Hogan Sullivan + Candi Declue Sextet

Hogan Sullivan

Hogan Sullivan drove to Austin from Terlingua,Texas 3 years ago to make Cactus-Jazz and Desert-Punktry. Sullivan has teamed up with another Terlinguan turned Austinite, William Blackstock to deliver on those brands. Together they employ half the musical workforce in Austin as the backing band "Solitarios".

Tracks such as, "The Attention" with it's barbed "Cactus-Jazz" stylings, "Angeline" as a heartbreaking tale of birth and death in the Chihuahuan desert (that Sullivan and Blackstock call home) and the shimmering but haunting "Aphrodite", are staples of the Sullivan's writing style which dances through time changes, and turn on a dime arrangements. Hard earned grace and tenacity run like steel wires through the heart of these tunes though, which show a fundamental dedication to song-writing craft (which Sullivan helms) and attention to arrangement (which Blackstock applies to the tunes).

The singularity and solitude that informs these tunes is apparent upon both initial listening and under close examination of the tunes. Take some time to do both and catch Hogan Sullivan and Will Blackstock deliver on some musical branding that could only come from Far West Texas.
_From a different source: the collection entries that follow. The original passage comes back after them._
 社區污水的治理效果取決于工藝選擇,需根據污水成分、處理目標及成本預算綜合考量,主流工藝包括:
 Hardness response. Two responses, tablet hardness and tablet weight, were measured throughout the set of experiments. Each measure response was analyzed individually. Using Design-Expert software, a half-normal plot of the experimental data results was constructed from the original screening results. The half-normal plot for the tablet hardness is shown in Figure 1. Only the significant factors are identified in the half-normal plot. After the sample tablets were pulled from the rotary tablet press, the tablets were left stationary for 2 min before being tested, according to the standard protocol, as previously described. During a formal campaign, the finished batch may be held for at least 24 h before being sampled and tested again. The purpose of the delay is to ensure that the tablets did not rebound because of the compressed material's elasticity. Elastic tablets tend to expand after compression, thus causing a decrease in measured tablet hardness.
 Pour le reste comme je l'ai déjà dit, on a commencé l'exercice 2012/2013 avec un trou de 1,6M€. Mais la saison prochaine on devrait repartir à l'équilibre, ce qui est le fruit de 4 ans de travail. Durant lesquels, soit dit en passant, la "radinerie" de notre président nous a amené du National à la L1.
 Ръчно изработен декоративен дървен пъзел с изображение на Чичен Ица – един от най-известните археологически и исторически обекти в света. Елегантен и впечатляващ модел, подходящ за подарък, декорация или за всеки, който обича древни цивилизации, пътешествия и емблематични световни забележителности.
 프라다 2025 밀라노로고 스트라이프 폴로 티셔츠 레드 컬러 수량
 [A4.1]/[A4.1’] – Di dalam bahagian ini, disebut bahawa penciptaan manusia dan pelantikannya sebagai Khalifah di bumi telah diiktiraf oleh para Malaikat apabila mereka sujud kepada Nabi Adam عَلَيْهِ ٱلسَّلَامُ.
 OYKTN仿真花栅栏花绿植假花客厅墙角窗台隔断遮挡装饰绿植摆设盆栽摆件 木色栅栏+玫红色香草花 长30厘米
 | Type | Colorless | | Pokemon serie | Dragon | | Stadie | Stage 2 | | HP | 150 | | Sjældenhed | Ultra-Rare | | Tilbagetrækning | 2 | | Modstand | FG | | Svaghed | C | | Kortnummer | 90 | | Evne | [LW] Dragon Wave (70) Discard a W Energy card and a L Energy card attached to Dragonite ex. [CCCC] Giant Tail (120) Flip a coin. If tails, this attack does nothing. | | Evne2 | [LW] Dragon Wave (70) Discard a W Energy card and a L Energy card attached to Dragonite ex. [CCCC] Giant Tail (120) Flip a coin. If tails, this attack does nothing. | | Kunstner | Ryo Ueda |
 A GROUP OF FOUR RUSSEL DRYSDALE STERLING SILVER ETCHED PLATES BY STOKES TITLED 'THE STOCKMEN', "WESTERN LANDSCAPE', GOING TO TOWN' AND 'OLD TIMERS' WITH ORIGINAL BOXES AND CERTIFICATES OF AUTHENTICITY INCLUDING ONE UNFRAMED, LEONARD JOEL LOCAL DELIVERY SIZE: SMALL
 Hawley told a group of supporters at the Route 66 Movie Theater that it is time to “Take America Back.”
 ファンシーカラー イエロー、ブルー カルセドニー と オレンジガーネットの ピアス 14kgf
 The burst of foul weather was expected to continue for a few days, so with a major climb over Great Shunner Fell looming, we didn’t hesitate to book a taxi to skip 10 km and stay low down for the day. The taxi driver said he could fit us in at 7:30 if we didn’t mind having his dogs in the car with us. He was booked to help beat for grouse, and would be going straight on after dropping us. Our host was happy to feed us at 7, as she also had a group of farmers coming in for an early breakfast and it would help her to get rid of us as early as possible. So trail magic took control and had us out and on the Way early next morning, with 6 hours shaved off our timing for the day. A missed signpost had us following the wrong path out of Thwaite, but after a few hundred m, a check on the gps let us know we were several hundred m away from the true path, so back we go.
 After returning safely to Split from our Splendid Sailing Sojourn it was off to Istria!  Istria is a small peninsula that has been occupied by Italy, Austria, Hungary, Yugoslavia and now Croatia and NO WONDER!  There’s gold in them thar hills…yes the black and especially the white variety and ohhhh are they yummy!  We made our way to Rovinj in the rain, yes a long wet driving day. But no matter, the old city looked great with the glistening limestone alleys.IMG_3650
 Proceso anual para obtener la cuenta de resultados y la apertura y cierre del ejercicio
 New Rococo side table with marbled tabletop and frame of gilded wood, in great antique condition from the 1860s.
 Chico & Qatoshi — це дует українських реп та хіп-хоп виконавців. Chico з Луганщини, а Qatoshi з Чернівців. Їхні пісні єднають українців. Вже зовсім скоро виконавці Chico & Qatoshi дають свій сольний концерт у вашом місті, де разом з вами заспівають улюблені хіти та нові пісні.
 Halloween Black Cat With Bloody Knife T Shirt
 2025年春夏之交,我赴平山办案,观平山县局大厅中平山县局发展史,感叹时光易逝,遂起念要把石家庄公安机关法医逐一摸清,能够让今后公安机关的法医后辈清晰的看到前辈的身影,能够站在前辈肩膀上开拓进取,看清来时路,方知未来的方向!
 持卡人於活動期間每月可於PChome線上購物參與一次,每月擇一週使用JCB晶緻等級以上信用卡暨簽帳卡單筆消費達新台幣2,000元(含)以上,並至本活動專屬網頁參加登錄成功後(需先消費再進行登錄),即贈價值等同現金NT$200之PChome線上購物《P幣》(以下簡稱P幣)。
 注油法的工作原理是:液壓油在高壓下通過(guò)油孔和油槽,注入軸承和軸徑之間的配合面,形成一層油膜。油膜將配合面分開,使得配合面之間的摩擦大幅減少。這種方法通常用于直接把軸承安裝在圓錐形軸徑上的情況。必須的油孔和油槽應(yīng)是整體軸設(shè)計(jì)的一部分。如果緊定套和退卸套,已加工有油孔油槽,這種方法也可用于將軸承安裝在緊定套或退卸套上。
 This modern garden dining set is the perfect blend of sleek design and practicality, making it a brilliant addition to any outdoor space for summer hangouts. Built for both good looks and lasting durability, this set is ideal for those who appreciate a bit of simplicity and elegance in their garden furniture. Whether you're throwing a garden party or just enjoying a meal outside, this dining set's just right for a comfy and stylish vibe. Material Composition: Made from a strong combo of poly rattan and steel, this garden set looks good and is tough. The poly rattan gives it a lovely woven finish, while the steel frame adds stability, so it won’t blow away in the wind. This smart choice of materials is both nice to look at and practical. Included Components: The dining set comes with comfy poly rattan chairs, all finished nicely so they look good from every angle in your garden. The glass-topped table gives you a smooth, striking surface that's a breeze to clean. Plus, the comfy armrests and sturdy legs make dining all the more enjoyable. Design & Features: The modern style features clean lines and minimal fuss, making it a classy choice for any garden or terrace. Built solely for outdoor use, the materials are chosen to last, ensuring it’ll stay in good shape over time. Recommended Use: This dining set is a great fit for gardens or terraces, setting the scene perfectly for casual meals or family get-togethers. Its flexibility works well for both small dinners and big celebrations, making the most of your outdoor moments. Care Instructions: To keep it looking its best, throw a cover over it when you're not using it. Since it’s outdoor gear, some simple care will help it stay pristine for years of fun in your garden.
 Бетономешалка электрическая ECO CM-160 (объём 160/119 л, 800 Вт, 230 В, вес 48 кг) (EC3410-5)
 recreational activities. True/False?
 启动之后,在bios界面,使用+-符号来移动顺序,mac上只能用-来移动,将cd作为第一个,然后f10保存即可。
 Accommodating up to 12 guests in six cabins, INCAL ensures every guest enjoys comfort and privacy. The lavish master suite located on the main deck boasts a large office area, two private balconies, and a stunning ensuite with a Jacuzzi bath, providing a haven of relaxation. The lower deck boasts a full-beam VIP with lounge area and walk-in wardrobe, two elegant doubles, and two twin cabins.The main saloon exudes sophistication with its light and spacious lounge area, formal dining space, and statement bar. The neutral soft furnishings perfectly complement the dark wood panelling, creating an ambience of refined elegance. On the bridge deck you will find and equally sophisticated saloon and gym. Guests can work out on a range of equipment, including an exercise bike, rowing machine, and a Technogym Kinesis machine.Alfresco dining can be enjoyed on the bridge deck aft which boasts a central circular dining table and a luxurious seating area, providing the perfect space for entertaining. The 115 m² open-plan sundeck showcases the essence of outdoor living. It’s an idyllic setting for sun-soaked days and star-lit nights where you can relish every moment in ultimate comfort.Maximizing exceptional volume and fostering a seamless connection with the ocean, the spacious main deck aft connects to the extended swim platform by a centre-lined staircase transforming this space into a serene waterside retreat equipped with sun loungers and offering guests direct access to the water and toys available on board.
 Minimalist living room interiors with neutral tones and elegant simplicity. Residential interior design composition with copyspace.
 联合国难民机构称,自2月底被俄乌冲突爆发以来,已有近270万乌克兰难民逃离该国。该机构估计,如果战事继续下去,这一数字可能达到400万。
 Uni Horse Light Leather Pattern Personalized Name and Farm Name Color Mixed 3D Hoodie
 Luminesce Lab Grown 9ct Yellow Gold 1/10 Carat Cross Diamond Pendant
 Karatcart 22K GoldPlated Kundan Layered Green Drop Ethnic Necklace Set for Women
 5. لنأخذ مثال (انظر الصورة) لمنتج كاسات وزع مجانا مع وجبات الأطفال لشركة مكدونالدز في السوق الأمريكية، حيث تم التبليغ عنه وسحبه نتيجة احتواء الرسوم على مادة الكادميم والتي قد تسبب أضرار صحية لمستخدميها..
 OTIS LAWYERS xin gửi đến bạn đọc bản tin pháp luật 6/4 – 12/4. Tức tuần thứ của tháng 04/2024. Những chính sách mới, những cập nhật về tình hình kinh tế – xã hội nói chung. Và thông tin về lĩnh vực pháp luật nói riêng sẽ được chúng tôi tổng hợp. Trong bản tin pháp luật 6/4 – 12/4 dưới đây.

Check out these and other tunes at the following links




With its members hailing from all over the state, Kalijah plays their own distinctly Texan brand of indie rock in the bars and venues of Austin. Based on the songs of guitarist/vocalist Micah Paredes, the band specializes in homegrown, hand rolled rock 'n roll and dusty, sun baked folk. Featuring the beautiful Breanna Lynn on vocals, piano, ukulele, and other miscellaneous instruments, chief of mischief Trae Doty on lead guitar, baron of bass Kevin Beery, and a back beat provided by the mysterious Mr. William Hughston, Kalijah can be found making their rounds as they prepare a debut release.

Trust the Finch

Trust the Finch resides in a niche all its own, but from thence it hails in relateable ways; that is to say, you can hear where they're coming from in their music, but if you listen you can also hear where you're from. Everyone in the band is from Texas. Three of them grew up in the middle of the Chihuahuan desert, hearing only what percolated through the cultures around- whatever indie came out of El Paso, the metal that has been the backbeat of America for years, and the rabble of Tejano and country that scrambles through the radio stations you can half pick up. As a band they are from Austin, where they now play more or less weekly. They have the garage sound of a band that does, in fact, practice in a garage, but the layers on their studio tracks (which lend a mellifluous drone to every composition) and the perfectly on-point slide guitar don't belie any single origin. So things go.
Trust the Finch's studio recordings do bear a little polishing and layering in the process, but there is still a rawness in tone that makes itself felt in most of their tunes. More so live. This is an earnestness that comes out crisp. The beat is there for dancing but people tend to stop and watch- there is something happening here that you can't dance past, can't dance off. What we have in Trust the Finch is something unusual-- an amalgam of its components, and then a push beyond that. A singer-songwriter subverted to a sound, an outfit with a genuine voice, and a live performance that entails no less.
Front man Sam Walker's unique vocal style makes each track unmistakeably theirs, even with the occasional well-curated cameo on stage or in recordings. Brothers George and Ira Blanton cover percussion and lead guitar, grounding the band in their performances with level-headed and knowing familiarity with their craft and with one another. Ira was involved in a head-on-collision in 2011 that left him missing most of three fingers on his left hand. Passionate to not lose his ability to play guitar, he began teaching himself how to play lefty. Trust The Finch is his first project since the accident , and he is now a fully functional left handed guitarist. Thomas Tellar on bass tends to bridge the sensible foundation that the Blantons lay to Walker's unexpected lyrical peregrinations with lines that are intricate but viscerally right, jammable despite their complexity.